Model	Features	Input	Output
wan2.7-r2v `Recommended`	Audio sync, multi-character, voice cloning, first-frame control, `media` array input	Text, image, video, audio	720P or 1080P, 2-15s, 30 fps, MP4 (H.264)
wan2.6-r2v-flash	Video with or without audio, single or multi-character, multi-shot narrative, audio-video sync. Fast and cost-effective.	Text, image, video	720P or 1080P, 2-10s, 30 fps, MP4 (H.264)
wan2.6-r2v	Video with audio, multi-role reference-to-video, multi-shot narrative, audio-video sync	Text, image, video	720P or 1080P, 2-10s, 30 fps, MP4 (H.264)

Prerequisites

Get a DashScope API key from the Qwen Cloud. Set it as an environment variable:

export DASHSCOPE_API_KEY="YOUR_API_KEY"

How it works

Reference-to-video tasks run asynchronously:

Submit a task

POST your model, prompt, reference URLs, and parameters. The API returns a task_id.

Poll for results

GET the task status using the task_id. When the status is SUCCEEDED, the response includes a URL to the generated video.

Task status	Description
`PENDING`	Task is queued
`RUNNING`	Video is being generated
`SUCCEEDED`	Generation complete; video URL available in `output.video_url`
`FAILED`	Generation failed; check `message` for details

The output video URL expires after 24 hours. Download or transfer it before expiration.

Getting started

Submit a reference-to-video task and poll for the result.

curl (wan2.7)
curl (wan2.6)

Wan 2.7 uses the media array to provide references. Use Video N or Image N in the prompt to reference characters (numbered separately by type).Step 1: Submit the task

curl --location 'https://dashscope-intl.aliyuncs.com/api/v1/services/aigc/video-generation/video-synthesis' \
  -H 'X-DashScope-Async: enable' \
  -H "Authorization: Bearer $DASHSCOPE_API_KEY" \
  -H 'Content-Type: application/json' \
  -d '{
  "model": "wan2.7-r2v",
  "input": {
    "prompt": "Video 2 holds Image 3 and plays a soothing American country ballad in a coffee shop, while Video 1 smiles, watches Video 2, and slowly walks towards him",
    "media": [
      {"type": "reference_video", "url": "https://help-static-aliyun-doc.aliyuncs.com/file-manage-files/zh-CN/20260129/hfugmr/wan-r2v-role1.mp4"},
      {"type": "reference_video", "url": "https://help-static-aliyun-doc.aliyuncs.com/file-manage-files/zh-CN/20260129/qigswt/wan-r2v-role2.mp4"},
      {"type": "reference_image", "url": "https://help-static-aliyun-doc.aliyuncs.com/file-manage-files/zh-CN/20260129/qpzxps/wan-r2v-object4.png"}
    ]
  },
  "parameters": {
    "resolution": "720P",
    "duration": 10,
    "prompt_extend": false,
    "watermark": true
  }
}'

Step 2: Get the result using the task IDReplace {task_id} with the task_id value returned by the previous API call.

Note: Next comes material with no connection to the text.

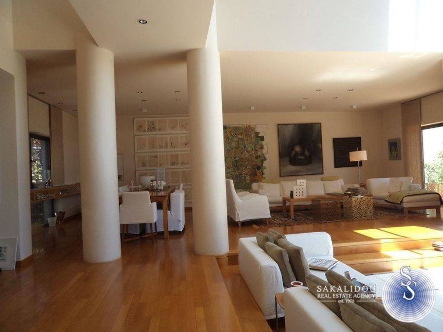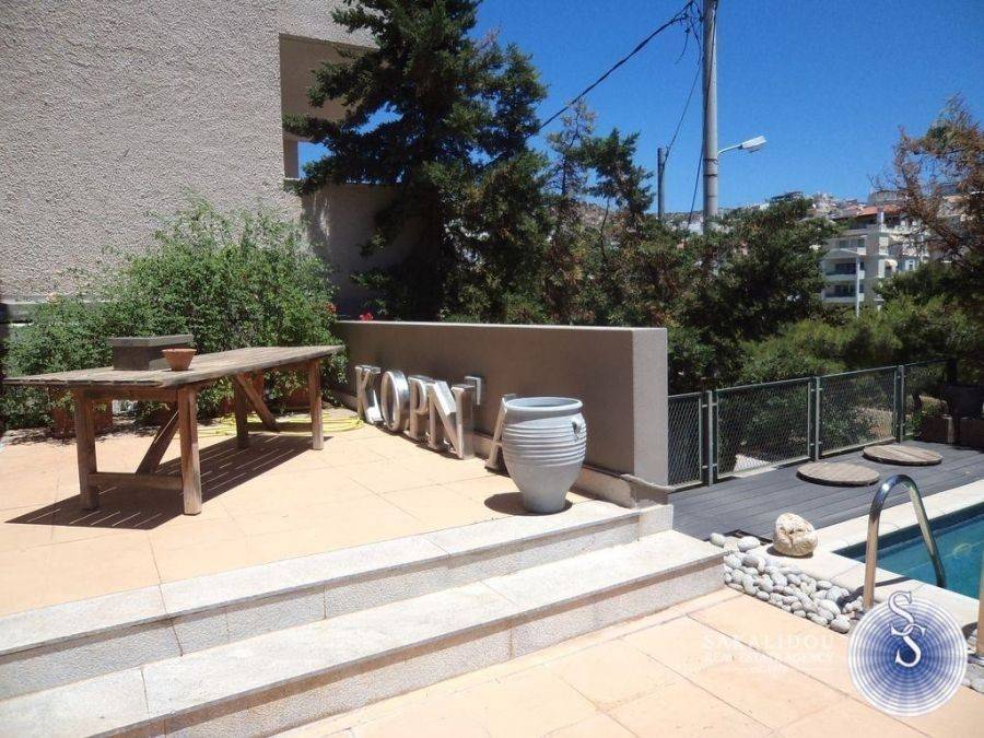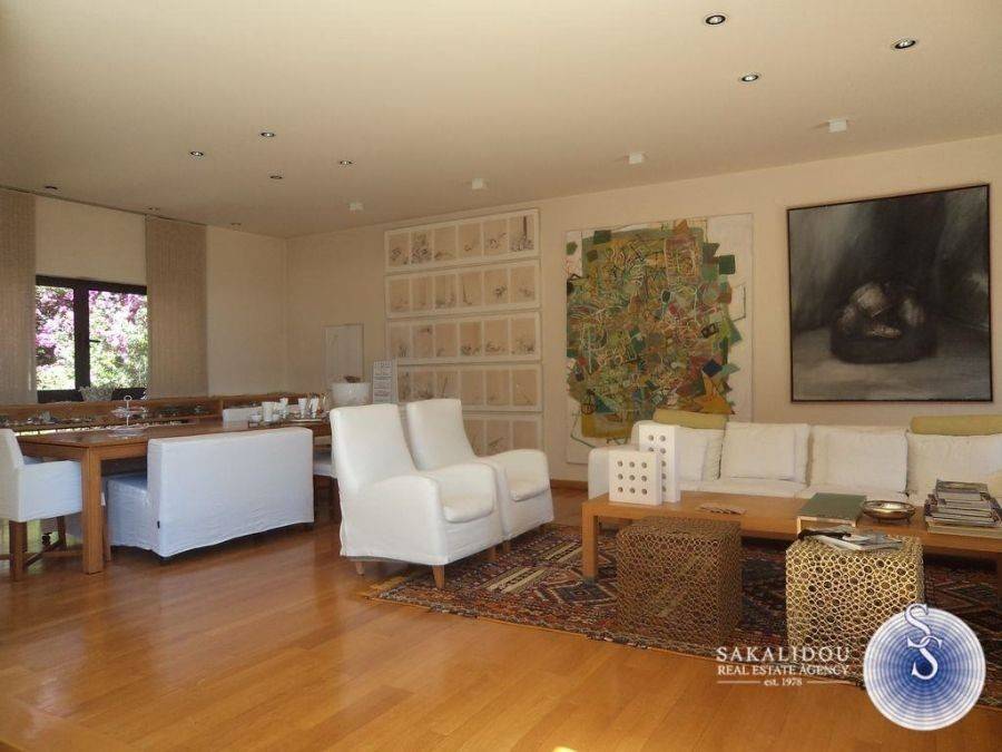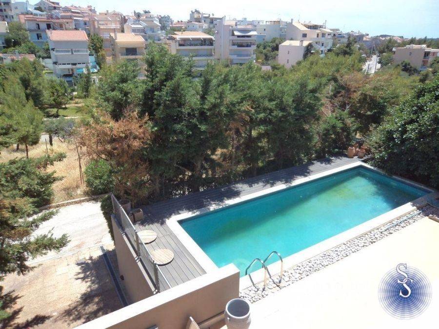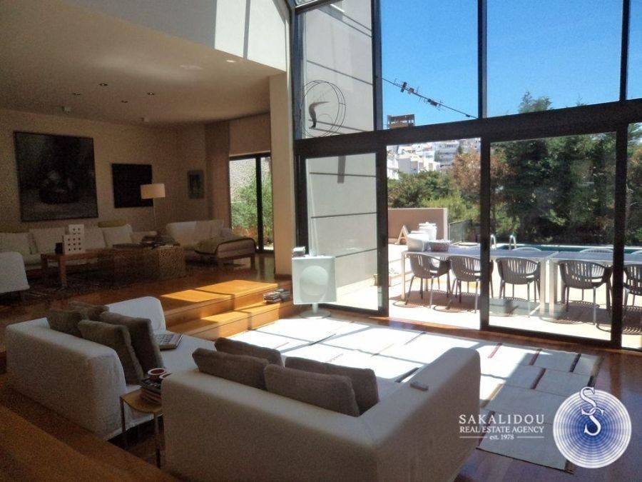 In the prestigious area of Voula, Dikigorika, this stunning luxury detached residence of 480 sq.m. is set on a 550 sq.m. plot, featuring exceptional minimal architecture and high-end construction standards. The property is arranged over three levels and offers absolute privacy, comfort, and refined elegance. It boasts a unique, exceptionally bright living room with large glass openings and direct views of the beautiful swimming pool and landscaped garden, creating an ideal setting for relaxation and entertaining. The closed, fully equipped kitchen combines functionality with contemporary design, while the library and the elegant playroom complete the living areas in a harmonious way. The residence features four master bedrooms, all with en-suite bathrooms, as well as a staff room with its own bathroom. Oak wooden floors add warmth and timeless sophistication throughout the home. Additional features include independent heating, air conditioning, alarm system, security door, two storage rooms, and underground parking for two vehicles.
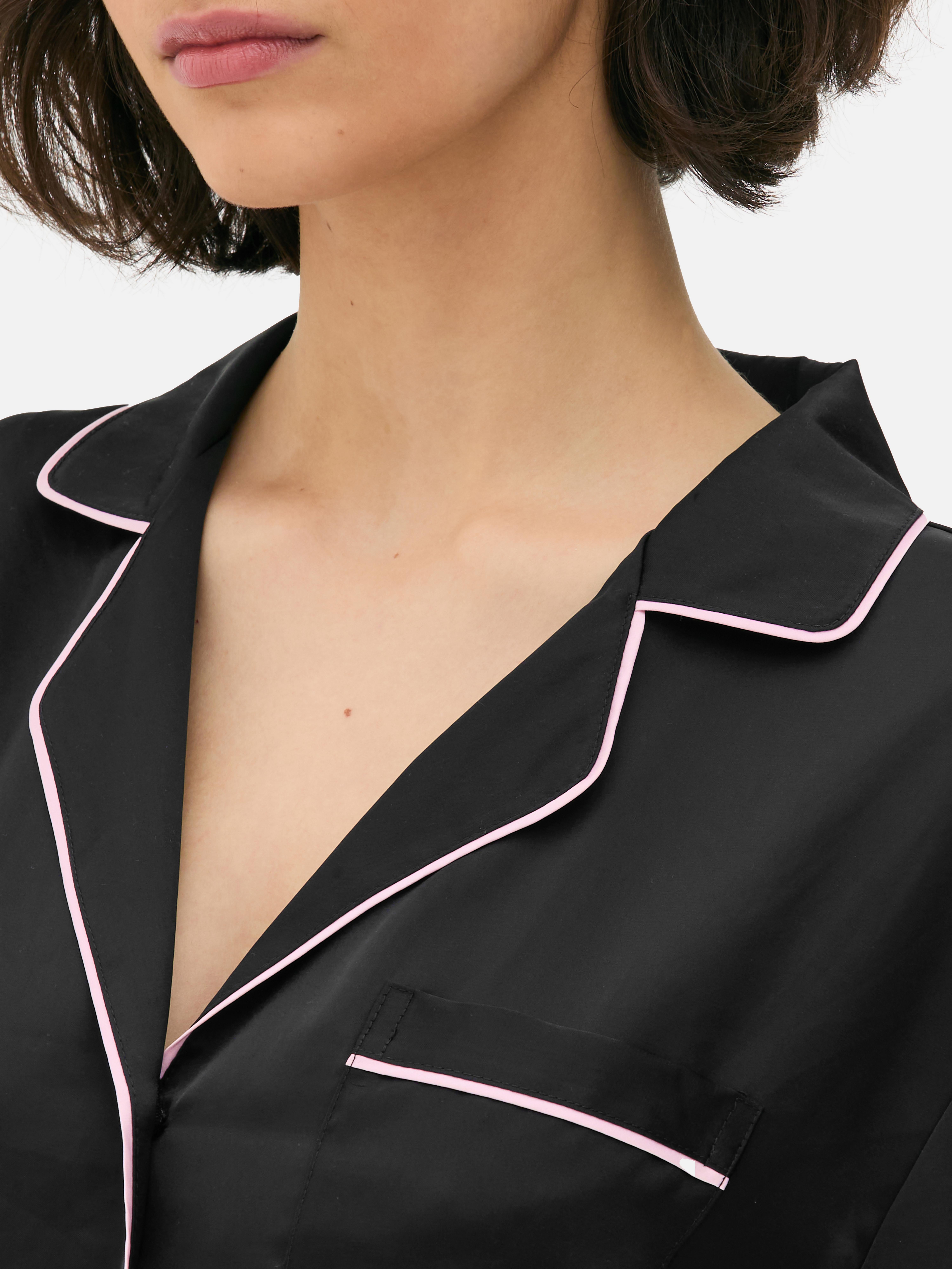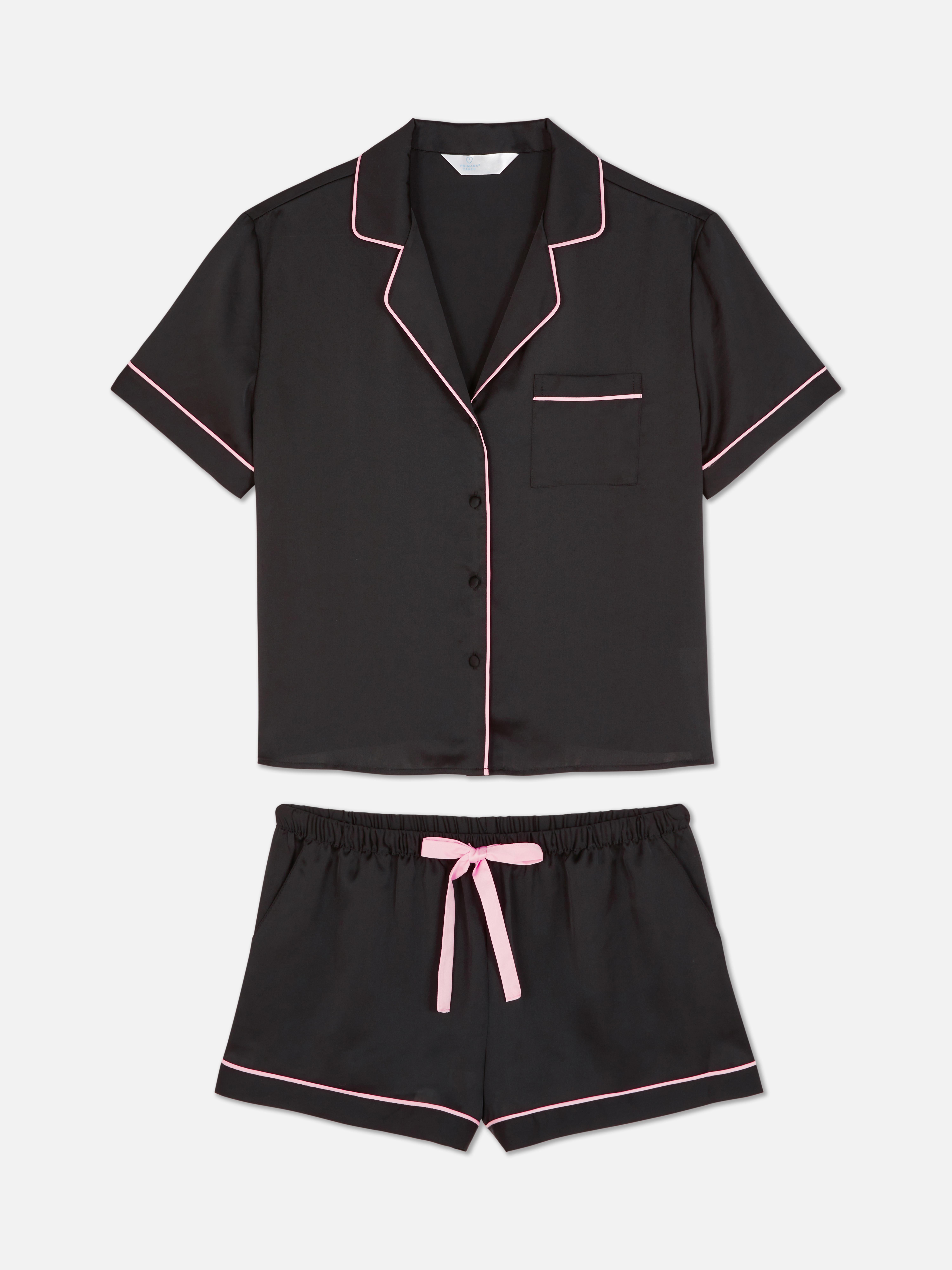 Neckline: Collared Sleeve Length: Short sleeve Leg Length: Short Model Size: S- 10/12 Model Height: 174 cm Print: Solid Color Material: 100% Polyester Fire Safety: WARNING! Keep away from fire Country of Origin: Cambodia Top: Polyester 100% Bottom: Polyester 100% Fabrication: Satin

curl -X GET 'https://dashscope-intl.aliyuncs.com/api/v1/tasks/{task_id}' \
  -H "Authorization: Bearer $DASHSCOPE_API_KEY"

Key differences from wan2.6: wan2.7 uses media array instead of reference_urls, characters are referenced as Video 1/Image 1 (not character1), uses resolution+ratio instead of size, supports reference_voice for voice cloning, and watermark defaults to false.

Step 1: Submit the task

curl -s --location 'https://dashscope-intl.aliyuncs.com/api/v1/services/aigc/video-generation/video-synthesis' \
  -H 'X-DashScope-Async: enable' \
  -H "Authorization: Bearer $DASHSCOPE_API_KEY" \
  -H 'Content-Type: application/json' \
  -d '{
  "model": "wan2.6-r2v-flash",
  "input": {
    "prompt": "character1 gives an enthusiastic product introduction to camera, smiling and gesturing naturally.",
    "reference_urls": ["https://example.com/presenter.mp4"]
  },
  "parameters": {
    "size": "1280*720",
    "duration": 5
  }
}'

Step 2: Poll for the resultReplace {task_id} with the task_id from the Step 1 response.

curl -s https://dashscope-intl.aliyuncs.com/api/v1/tasks/{task_id} \
  -H "Authorization: Bearer $DASHSCOPE_API_KEY"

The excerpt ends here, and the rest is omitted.